YOUR OBJECTIVE: Here the job is to print only the lines from the one containing "Schattig plastic bouwvoertuigje" to the end of the entries, both included, exactly as they stand, with pictures excluded.

RECORDS TO PROCESS:
============
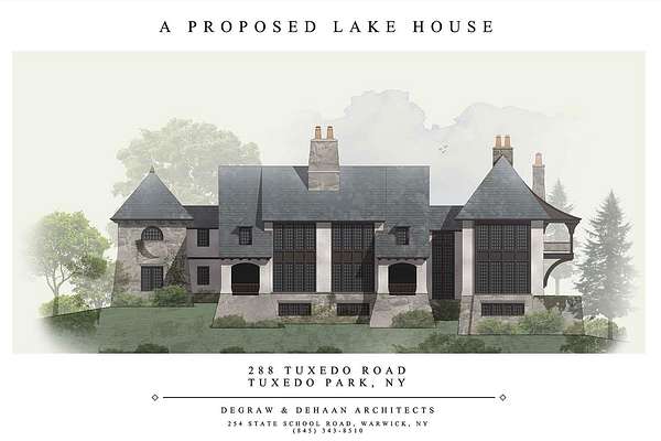 Est $8,461/moExclusive Tuxedo Lake Water View Opportunity! Discover a rare 2.8-acre parcel offering panoramic water views of Tuxedo Lake, perfectly situated for your dream home. This elevated, level, buildable lot is within easy walking distance of the prestigious Tuxedo Club. Enjoy an active lifestyle with direct access to scenic walking, running, and biking routes around the three lakes, as well as historic carriage trails. The property features original stone stanchions, adding a touch of classic elegance to your private driveway entrance. Architectural plans by renowned architect Jeff DeGraw are available and included with the purchase, showcasing a magnificent 10,000 sq ft design. Easy modifications could be made to customize to your vision.
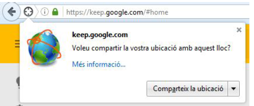 Si, en canvi, volem fer el recordatori mitjançant un lloc, Keep ens demanarà que compartim la nostra ubicació.
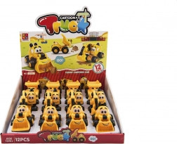 Schattig plastic bouwvoertuigje van ca. 9 cm met vrijloop dat kleine chauffeurs al vanaf 12 maanden plezier bezorgt. Verkrijgbaar in 3 soorten, ideaal voor de eerste racejes en het ontdekken van de wereld op vier wielen. Perfect voor in de kinderkamer en onderweg, verpakt per 12 stuks in een doos (geschikt als winkelverpakking).
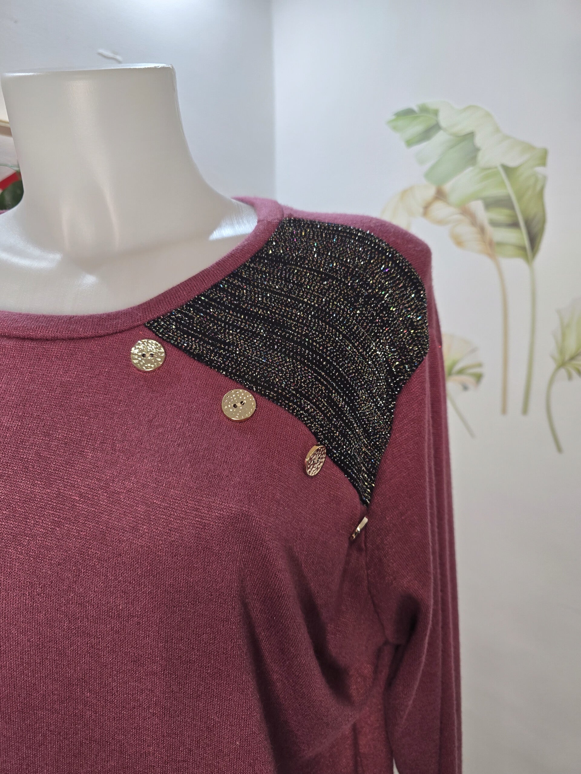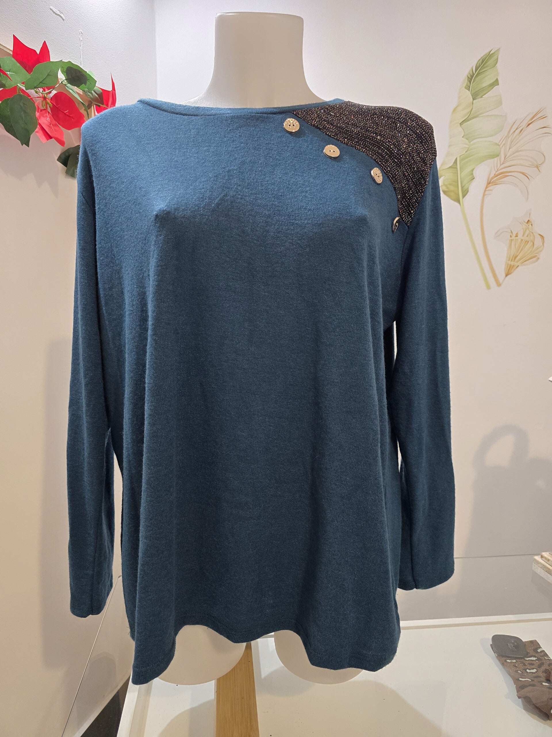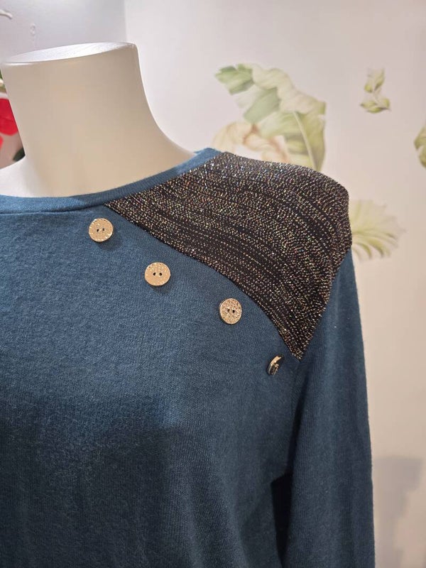 Maglia con dettaglio spalla sinistra 4 bottoni e glitter
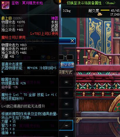 | 70 | 圣物 :冥月精灵长枪 | *Lv70~76普通地下城怪物掉落 |
============
EXERCISE OUTPUT:
 Schattig plastic bouwvoertuigje van ca. 9 cm met vrijloop dat kleine chauffeurs al vanaf 12 maanden plezier bezorgt. Verkrijgbaar in 3 soorten, ideaal voor de eerste racejes en het ontdekken van de wereld op vier wielen. Perfect voor in de kinderkamer en onderweg, verpakt per 12 stuks in een doos (geschikt als winkelverpakking).
 Maglia con dettaglio spalla sinistra 4 bottoni e glitter
 | 70 | 圣物 :冥月精灵长枪 | *Lv70~76普通地下城怪物掉落 |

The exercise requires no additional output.